Isabella shrugged, then looked back towards the fire and began to speak. ‘I was born and raised in London. Not this part of town, though – never made it out of Southwark till I was seven years old. My mother died about then, and she asked Morgan here to take care of me. She was always a good friend to Mother – helped her out when she could and showed me how to make enough money to feed myself by the time I could walk. Tell them, Morgan.’
Crowther looked at Morgan as if for the first time. She was perhaps in her sixties, small and rounded in her figure. Her eyes were uncannily blue. Crowther did not think himself a snob, despite his ignored title and his still considerable wealth, but he was aware that the woman in front of him was changing in his eyes from an addendum to Miss Marin to an individual herself.

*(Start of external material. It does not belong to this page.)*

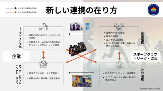 このような状況のなか、スポーツ分野のインクルーシブとクラブ・リーグ・企業の持続可能な発展に向け、スポーツ業界の新たなDEI指標として「スポーツ版PRIDE指標(仮称)」の開発が2024年11月に発表されました。本指標は、スポーツクラブ・リーグ・協会と、その活動を支えるスポンサー企業との新しい連携スタイルを提案するもの。双方が組織全体を通じて横断的に連携することでDEIが可視化され、協賛先のリスク管理や、行政と連携した新規事業開発にも資する指標になることが見込まれます。また、日本人口の約8%を占めるといわれるLGBTQ+のスポーツ分野への積極的な参加を促すことで、競技人口の増加だけでなく、ファンやスポンサーの多様化および増加、クラブと企業・地域との関係強化といったさまざまなメリットが期待できます。

‘I used to sing ballads in the bars and streets for pennies. That was my trade and that’s when I met Issy’s mum, Tessa. She used to hang about to hear me sing for hours, when she was just big with this little bird.’ She frowned at the floor between them, and scratched her chin. ‘Issy’s mum was a good girl, but she was never going to get to old age in this town. Too feeble to do the hard work, and too much an easy mark for bad men. Oh I’d tell her, time and time again, I’d tell her. I learned to spot a wrong ’un young, but she’d never listen. She’d defend them, not speak to me for a month then come round to my room dragging Issy behind her with fresh bruises and nothing to cover herself with but her stays and a skirt too raggedy for even them to steal off her. Some people learn. Some people just roll about in the mess they’ve made and complain about the stink.’
Isabella twisted in her chair as if about to complain, but Morgan held up a hand. ‘Oh, don’t fret, Issy! Your mother was a good kind girl and I miss her still, but she wasn’t fit or fighting enough to be poor. You know it. Bless me! By the time you were five, if someone cheeked you on the street you’d let fly and they’d be crawling off with the crowd laughing at them before the minute was out.’ Morgan put a hand to Isabella’s face, pulling back a strand of her black hair. Isabella squirmed in her seat, but allowed it, and Harriet and Crowther saw a jagged little scar on that otherwise velvet skin. Morgan let her fingers brush it, and the hair fall back. ‘One of the last did that when Issy took against him for knocking poor Tess about. At seven she tried to fight a grown man, daft little bird.’
‘So you taught her to sing, Mrs Morgan?’ Crowther asked.
The woman nodded. ‘Just Morgan, sir. No need to pretty it up. Yes, I taught her. She used to come along to keep her clear of Tessa’s beaus, and learned by listening. By the time she was waist-high she was earning more than her mother and feeding them both –
and
whatever man was about. Though even then I started holding on to her money for her, so they couldn’t get their fat paws on the lot.’ She paused and sniffed. ‘Too late for poor Tessa, though. She was already worn down and the first chill she got in the winter of sixty-seven killed her in a week, no matter how many oranges and red meat that little girl brought her.’
Harriet looked at Mademoiselle Marin, who was staring into the flames as if she could see all her histy there, burning and tumbling. Harriet thought of the little girl trying to ward off all the evils of the world with the most expensive fruit she could find. It was never a fair fight.
‘Still,’ Isabella said now with a sigh, ‘no reason you should have any interest in that. You want to know about Fitzraven, don’t you, and who killed him. My mother’s dying had nothing to do with those things. Fitzraven charmed her in a house where she worked and he taught fiddle to the eldest son. He promised her roses and marriage then ran for it and would have nothing to do with her when she was cast off. Then came some bad times and they are best forgotten.’